The answer to the question is, unfortunately, no. This bottle of 1959 Pétrus was still fantastic, in great condition and delicious to drink, but based on this bottle, in the last decade it has moved past its apex maturity and will now slowly decline. If anyone out there has a magnum that would, I expect, be spectacular now (and I would be happy to share it with them). Though the Pétrus 1959 didn't quite give me the dizzy joy I craved, one wine did. A gorgeous bottle of Yquem 1949 showed such beautiful balance, harmony and life that it could have been half as old. Tingling with energy and opening up with air from an already brilliant first taste, this is everything great Sauternes should be. A marvel, and testament to wine's wonderful capacity to age.

Tasting notes on the wines we drank are below. There are no scores, but I have a new memory of perfection to chase.

Pouilly Fuissé Tri des 25 Ans, Guffens-Heynen 2005

The nose has softened here, revealing orange oil, dried fruit and caramelised nuts. The palate has brilliant energy, with acid still propping up a generous, broad fruit core. This is generous and oily, with succulent fruit, roasted nuts and cream all powerful and balanced. This is at its apex now, there is no need to wait. Waves of toasted spices and roasted chestnuts linger on the finish.

Pouilly Fuissé Trente-Cinquième Vendange, Guffens-Heynen 2014

Next to the 2005 this 2014 is still a baby. The vintage has always been steely at Domaine Guffens-Heynen, and this top cuvée remains so despite the other wines in this vintage now reaching an excellent maturity. Full of potential, the nose has a struck match and fresh lime note together with passion flower and a little baking spice. The palate is tight, with an almost phenolic grip that gives it a lip-smacking freshness. Tightly coiled citrus fruit sits at the core, focused but really intense.
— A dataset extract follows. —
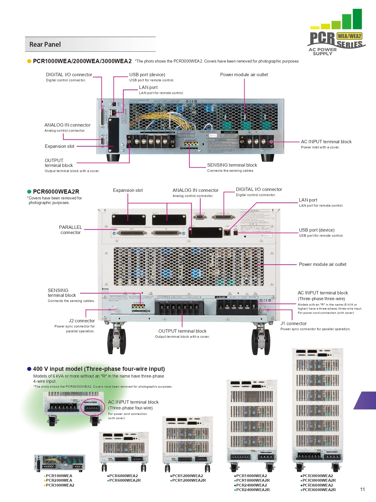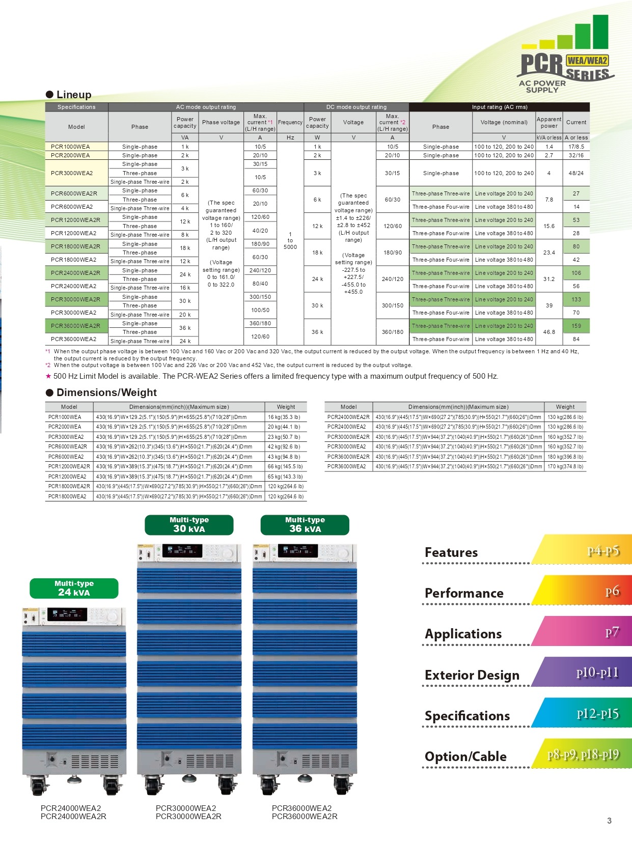 | PCR3000WEA2 | 단상 3 kVA / 단상 3선 2 kVA / 3상 3 kVA, AC0 ~ 320 Vrms, 1 Hz ~ 5 kHz, DC0 ~ ±452V, PWM 유형 |

Despite the zesty precision in this wine, there is too a real textural richness and viscosity. Very fine and deceptively concentrated, this is a magnificent, young wine that I would love to taste again at 15-20 years old.

Hommage à Jacques Perrin, Beaucastel 2000

A wild and exciting wine, one that showcases why this wine is worth aging in bottle. Expansive and enticing on the nose, offering black truffle, wood smoke, brambles and old leather. The palate is earthy and full-bodied, broad with sweet black fruit, pipe tobacco and all spice. A generous, giving wine perfectly suited to rich, autumnal food. A hedonistic bomb blending sweet and savoury beautifully. Drink it over the next decade.

Pétrus 1952

A rich garnet colour with a rich, bloody nose of iron, roasted nuts and dried strawberries. The palate is sweet and savoury, the dried fruit notes matching more smoky iron tones, layered by hints of marzipan, herbal oils and camphor. A complex and intriguing wine, at full maturity but still very much alive.

Pétrus 1959

Still such a deep colour, with a lustrous nose of fruit cake, amaro and steeped cherries. The distinct cinnamon and leather notes from nearly a decade ago are still present on the palate, which is spicy in character but cashmere smooth in texture. The hedonistic pleasure of this wine is still there in all its glory, intense and broad on the palate, but the definition and length on the finish is just, finally, starting to dwindle. Still a marvelous bottle, one that I consider myself lucky to have tried again.

Pétrus 1964

Very earthy, full or iron scents that are stronger than on the 1952. Deeply umami on the palate, with lots of muscle and grip. The fruit has somewhat fallen out of the wine at this age, instead showing full savoury character with some anchovy and wood smoke. Comfortably behind the 1959 and 1952.

Yquem 1949

A remarkable wine. Alluring reddish-gold in colour, the nose is immaculate and expansive, layering fresh marmalade, fig tart, saffron and baking spices. The palate is defined by acidity rather than sugar, a lithe, zesty mouthfeel brings waves of candied citrus peel, ginger cake and quince paste. The sweetness is a background note, just doing enough to keep everything in balance without any sense of cloying weight. Effortlessly long, the spicy, rich profile builds with air in the glass over 30 minutes or more. Outstanding.